I have a budget and the anamorphic lens is pretty much out of the question.

Currently in my home theater, I have a 50" Pioneer PDP. I really like it, but I'd like MORE picture:R

I do have size constraints, though, and based on some other factors the biggest 2.40:1 screen that I can fit is roughly 8' across. I have some height restrictions and width restrictions. That kind of screen will allow me to show 16:9 material on what is roughly the equivalent of a 64" Plasma... but with the benefit of have a much larger screen for 2.40:1 material. The alternative is... I can fit a new plasma ... about 65" max. But I like the idea of the bigger cinemascope screen.

Just as an FYI, my seating is about 12 ft. away, max (which from my calculations, falls within the recommendations from THX for the size scope screen I'm considering).

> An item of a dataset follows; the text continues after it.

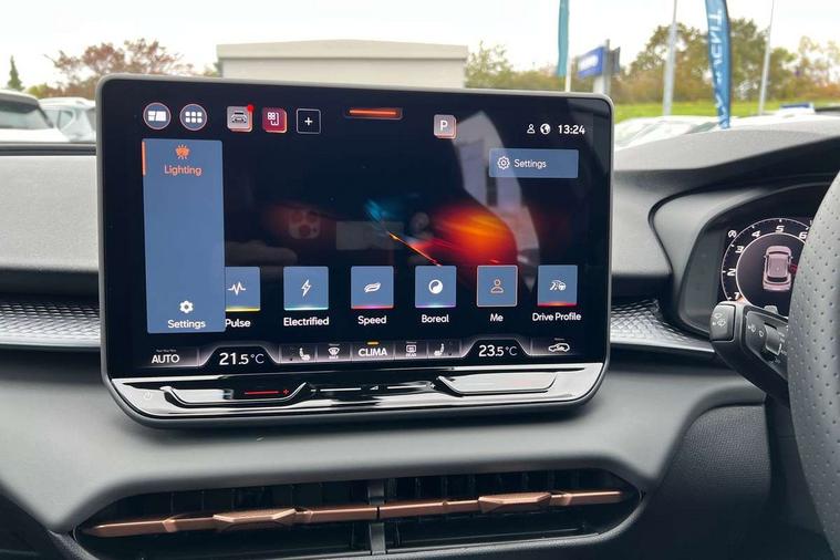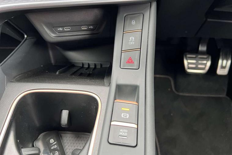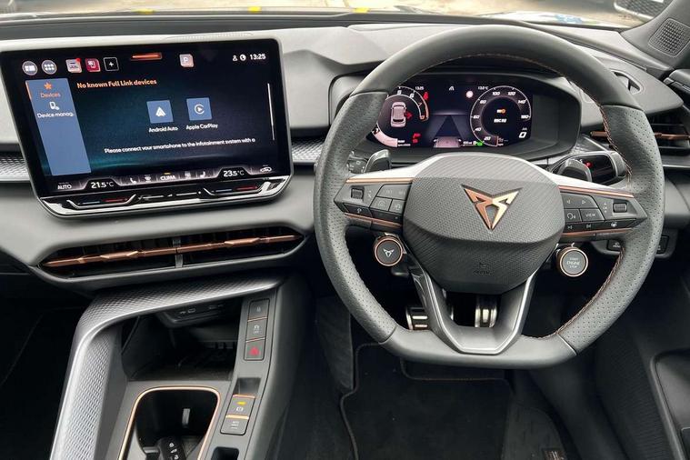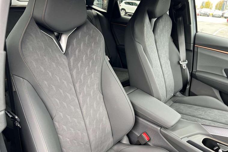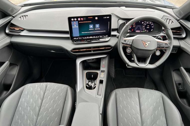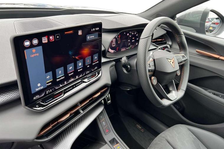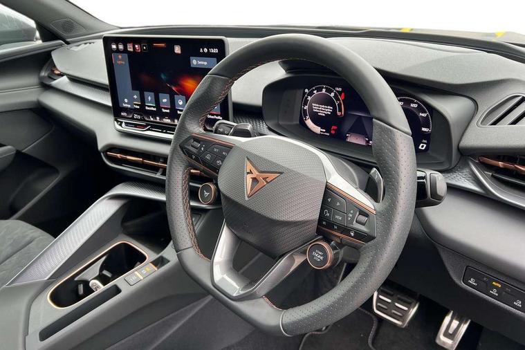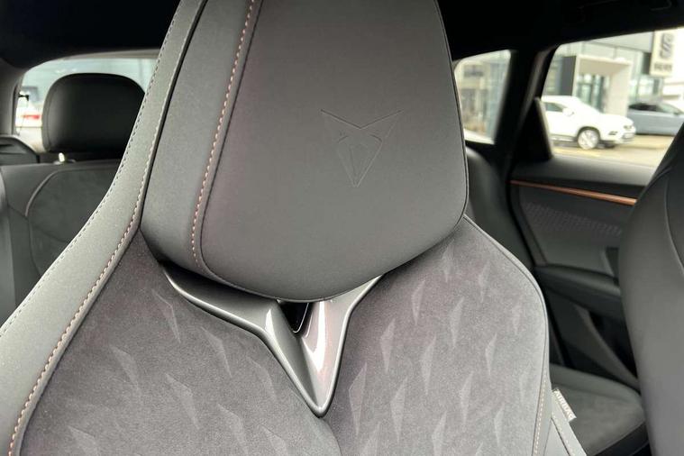 10.25" digital cockpit and configurable dashboard, Adaptive cruise control with follow-to-stop and speed limiter, Advanced driver alert system, Advanced lane assist with semi-automatic vehicle control in a medical emergency and traffic jam assist, Driving profile selection and conventional shock absorber, Dynamic road sign display, E-call, Electric tailgate with virtual pedal, Emergency steering support with turn assist, Four x USB Type C ports (2 in front and 2 in rear), Front and rear parking sensors, Front assist (Forward collision warning with automatic braking) with multifunction camera and front cross traffic assist, Head up Display, Intelligent park assist, Media system with Nav - 12.9" touch display, voice control, full link phone (wired/wireless), DAB and Steering wheel mounted controls, Rear traffic assist, Side and exit assist, Speed sensitive power steering, Start/stop system with regenerative braking, Top view camera (front camera, rear camera, 2 side cameras), Wireless phone charger, Auto dimming rear view mirror, Black roof rails, CUPRA 3D rear lights with ceremony & swiping indicator and illuminated logo, Dark tinted rear windows, Daytime running lights with automatic headlight control and Coming and Leaving home function, Door mirrors with memory function and lowing function on passenger mirror, Dynamic headlight range control, Electric front/rear windows, Electrically adjustable, heated and folding door mirrors, Front fog lamps with cornering function, Heat reflecting windscreen, High beam assist, LED headlamps with signature "CUPRA LED", Rain sensing wipers, Rear fog light on one side, back up light on both sides, Rear side wing doors, Rear wash/wipe, Third brake light, Welcome lights (within exterior mirror housing), 3 seat bench in 2nd row, Black roof lining, Cupra sports pedals, Dinamica cloth upholstery, Driver seat memory function, Electrically adjustable front seats including lumbar support, Front and rear head restraints, Front and rear reading lights X 4, Front centre armrest, Heated front seats, Heated leather wrapped multi function sports steering wheel with tiptronic, Illuminated interior front door sills, Isofix, Operating voltage 12V, Single front passenger seat, Smart wraparound interior lighting, Sunvisors with illuminated mirror, Three zone climate control with control panel in rear, Unsplit rear seat bench, split folding backrest, with centre armrest, Variable luggage/load compartment floor, 3 point seatbelts in front with pretensioner and electric height adjustment, 3 point seatbelts on all rear seats, Brake control system - ESC and brake booster, Child proof door locks, Driver and front passenger airbags, Electronic parking brake, Front and rear disc brakes, Front interaction airbag, Front passenger airbag deactivation switch, Front side airbags with curtain airbags, Pre-crash front and rear seat belt tensioner, window closure and hazard lights, Tyre pressure monitoring system, Visual and acoustic seat belt reminder, electric contact in front and rear, Anti theft alarm, Keyless locking and starting system with keyless access, Locking wheel bolts, Black decorative trims, Chrome interior detailing, 19" Spectrum exclusive machine alloy wheels, Tool kit,
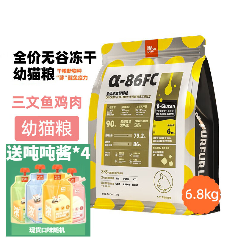毛星球(FurFur Land)全价无谷猫粮鸡肉三文鱼海洋鱼黑酵母冻干成幼猫粮添加冻干粮 幼猫粮6.8kg

I have a questions for you about your Panasonic (and please don't take this as a dig in any way):

1) I've read quite a bit on projectorreviews.com. Seems like a fairly well put together site. In the sub-$3000 category the editor gives a nod to Epson over the Panasonic... mainly based on black levels. I, unfortunately, don't have a show-room near me where I can experience these projectors first hand. The site also says that the picture brightness takes about a 25% hit when zooming to fit a picture on a 2.40:1 screen. Your Panny model isn't for sale anymore... it as been replaced with the 7000 (?)... which the editor says doesn't match the epsons of years past (I believe he specifically highlights the Epson 8700 UB). Can you talk about your experiences with blacks and shadow detail (possibly relate them to what you would experience on a good plasma?)?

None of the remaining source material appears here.